Maryland Gothic
  • You look to the East and see the Chesapeake Bay. That’s certainly new. 
  • Redskins, Ravens, and for some reason, Cowboys: There certainly are a lot of them around here. You’re certain they know nothing about football.
  • You speed on the highway towards the Beltway on Monday morning. Devil take the hindmost, after all.
  • You go fossil hunting in Calvert cliffs and find a human skull. At least you think its human; That’s what it tells you, anyway.
  • Some days you eat far too much crab. Other days crabs eat far too much of you.
  • You walk down the deserted boardwalk of Ocean City, wondering whats at the end. You hope you reach it soon. You’re running out of food.
  • You eat Old Bay on everything. You have no choice. It  just shows up on its own on whatever you put in your mouth. You’ve forgotten what bread tastes like.
  • The oyster restoration efforts are working. The water in the Bay is getting much clearer. You can finally see what the skipjack sailors labored to hide from mortal eyes over the past centuries.

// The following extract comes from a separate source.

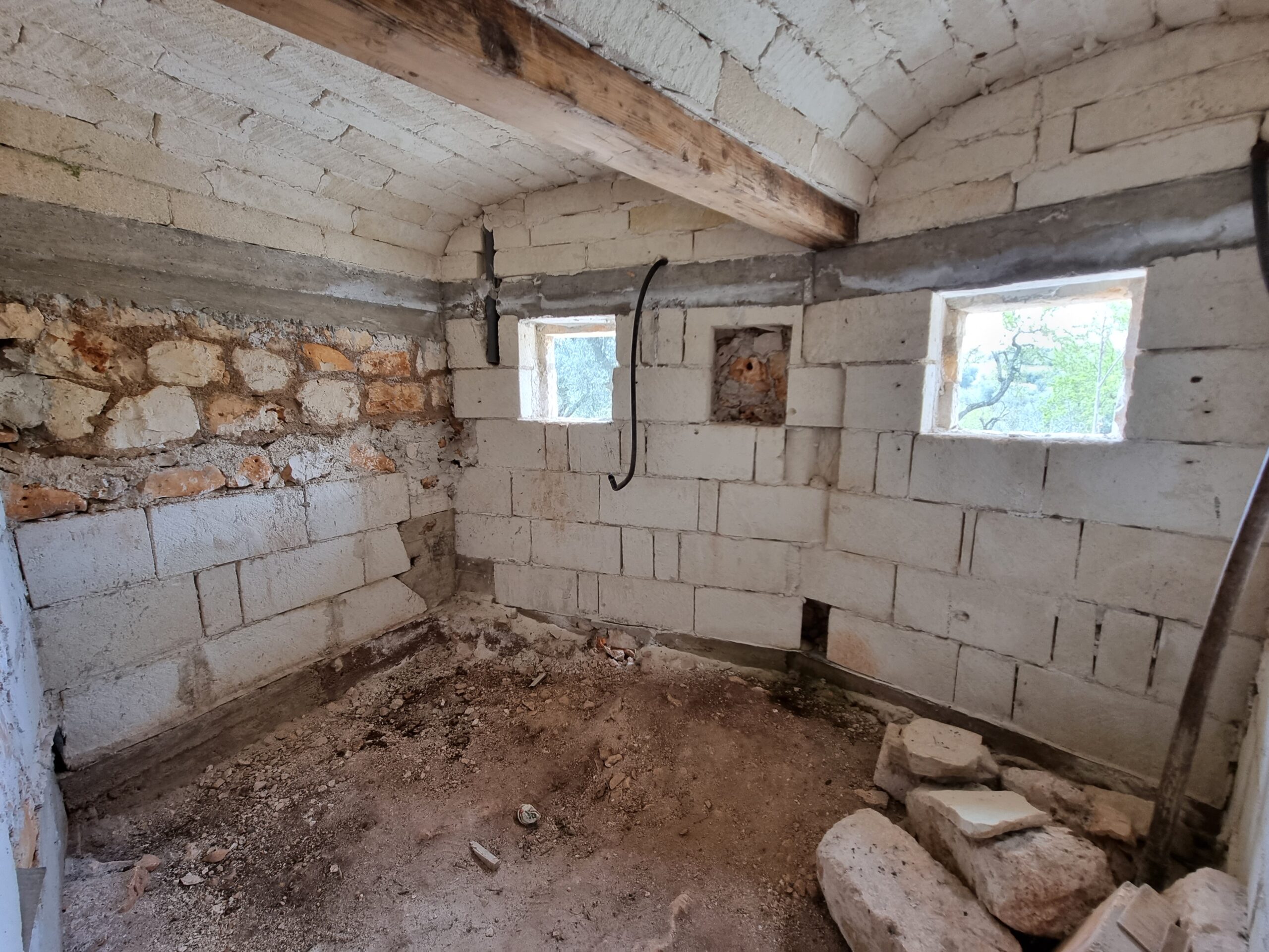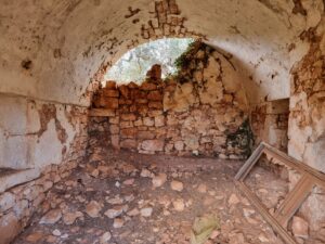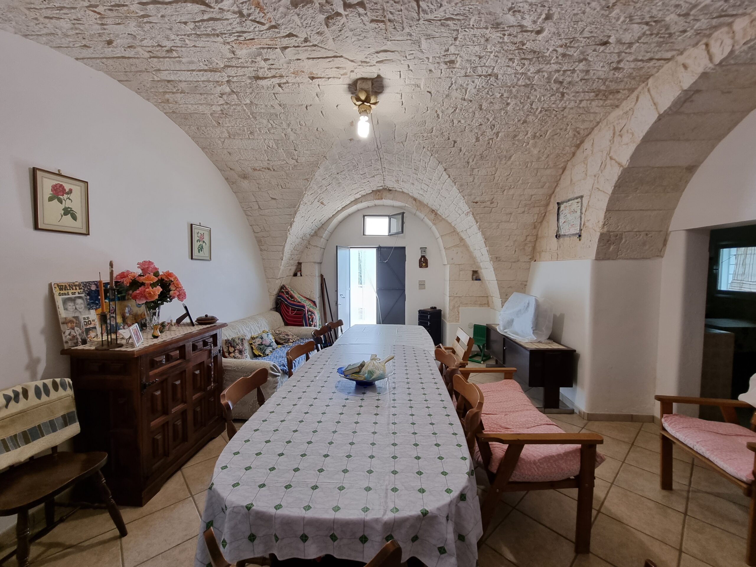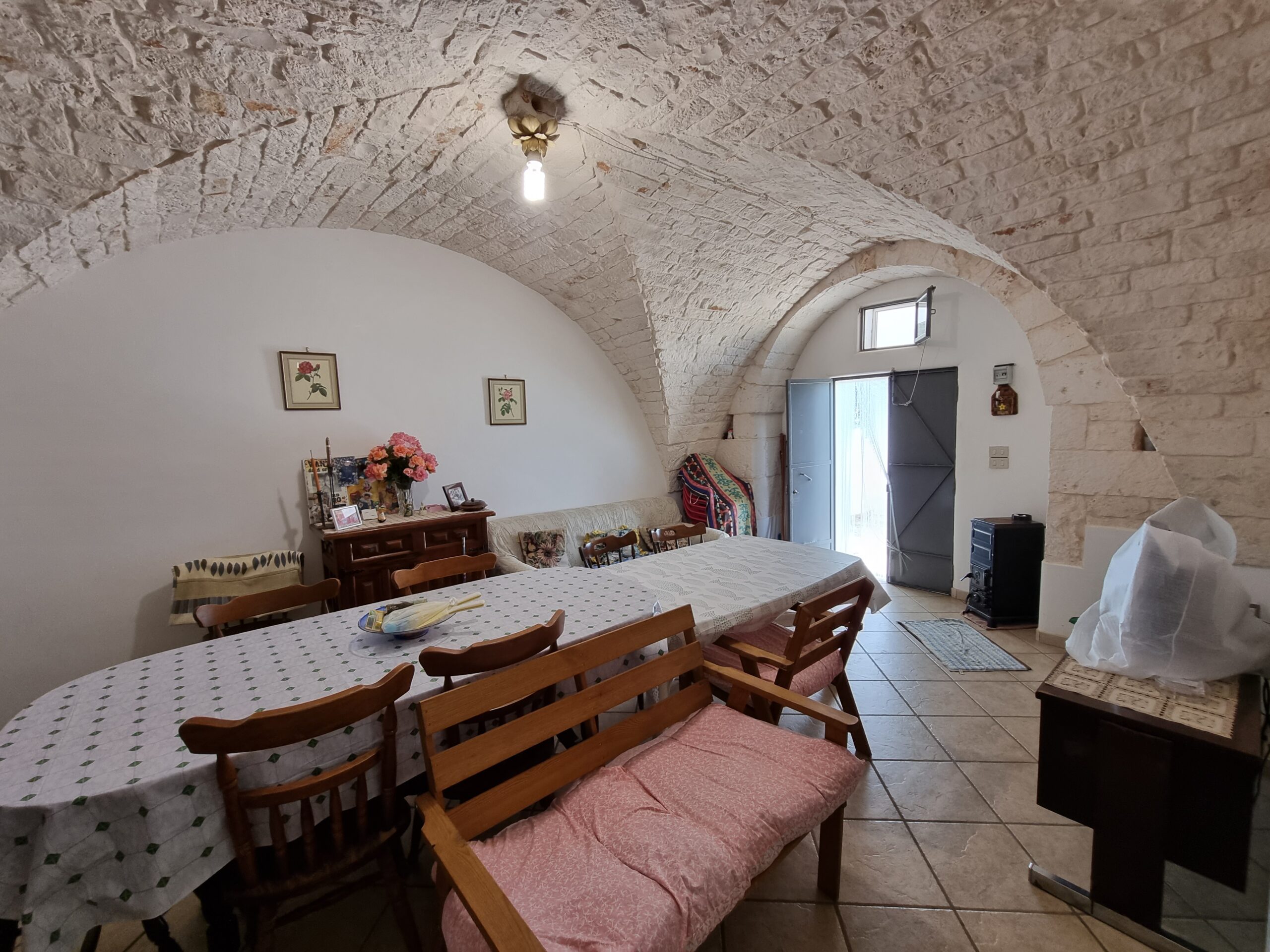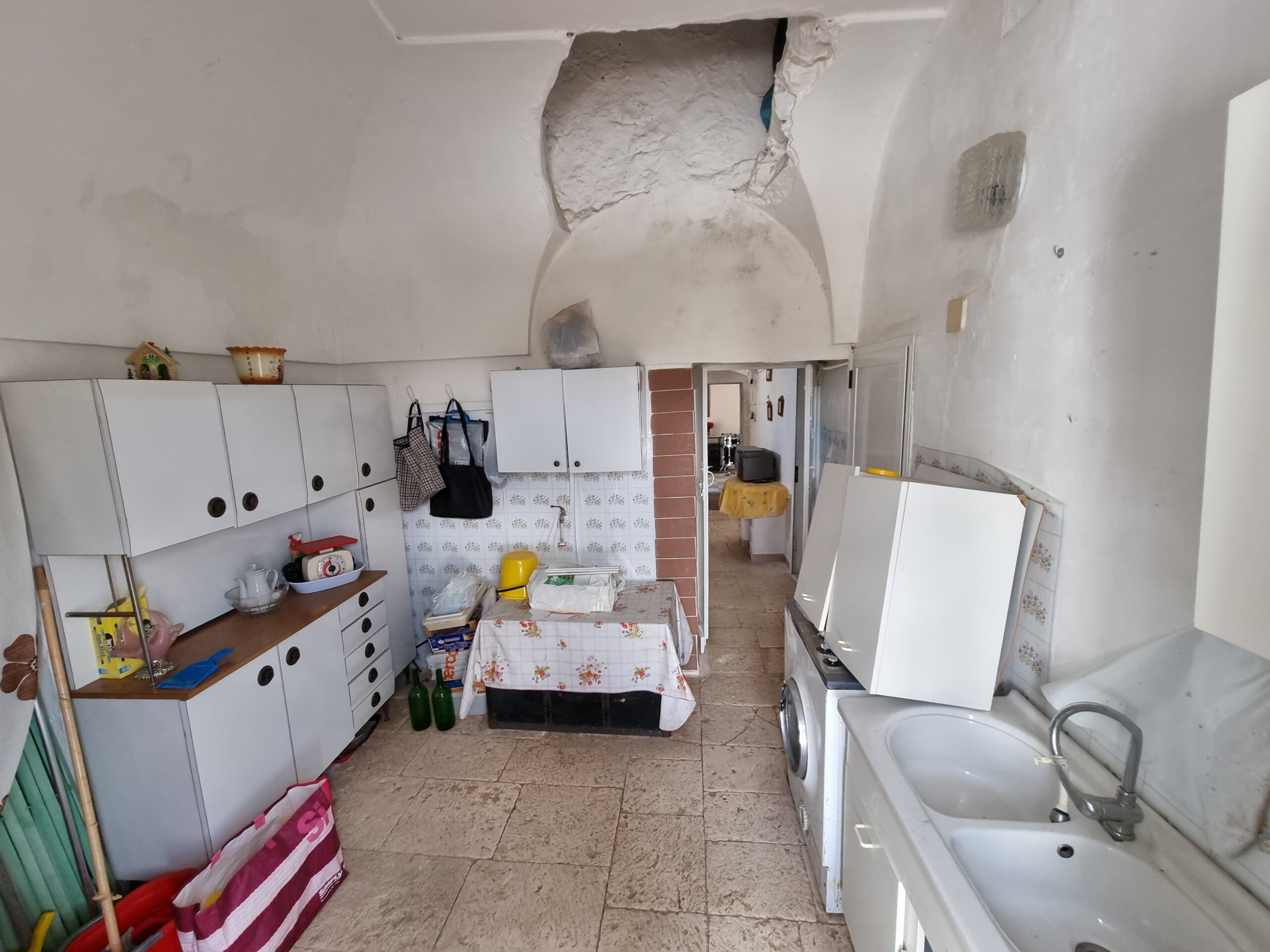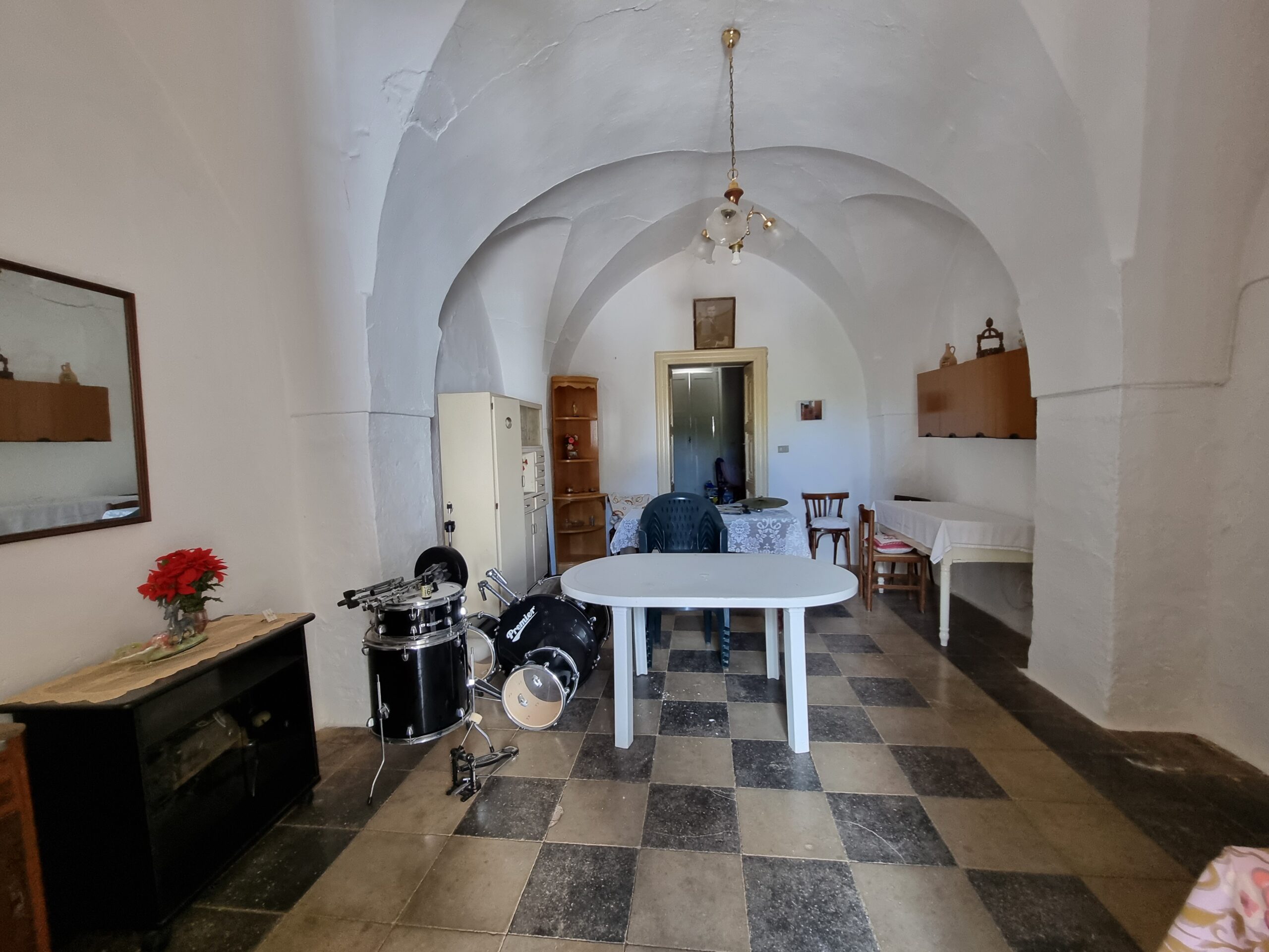 La masseria si sviluppa su 2 livelli, al piano terra vi sono diversi locali tra cui alcuni di ampia metratura, le vecchie stalle, tutte con splendide volte in pietra e con una metratura totale di 380 mq.

Why does nobody ever talk about how weird Maryland is? 

Nobody ever talks about Maryland, period. It’s like they forget it’s a state. There’s no real stereotypes about people from Maryland, because it’s right in the middle of the east coast, EXCEPT everyone from Maryland is obsessed with crabs and Old Bay seasoning. You may think I’m exaggerating, but my friend’s brother used to actually drink Old Bay straight. The only time I ever saw my boyfriend look at me with anything other than pure love and respect was when I said that I thought crabs served in the shell were overrated. McDonalds in Maryland serves Filet-o-Fish WITH OLD BAY SEASONING. Once I saw a production of The Little Mermaid in Maryland, and the actor playing the chef sang “now some Old Bay!” instead of “now some flour,” and the audience burst into rapturous applause in the middle of the song. Old Bay is as essential to Marylanders as flour.

The official state sport of Maryland is jousting. No joke.

And once, I went to a McDonalds’ down the road from Camp David while George W. Bush was staying there, and there were free-range chickens who lived in the parking lot. It made me uncomfortable.

Edgar Allan Poe, John Waters, Frank Zappa, and F. Scott Fitzgerald are all  from Maryland. Oh, and John Wilkes Booth. Something weird is in the water there. My money’s on Old Bay.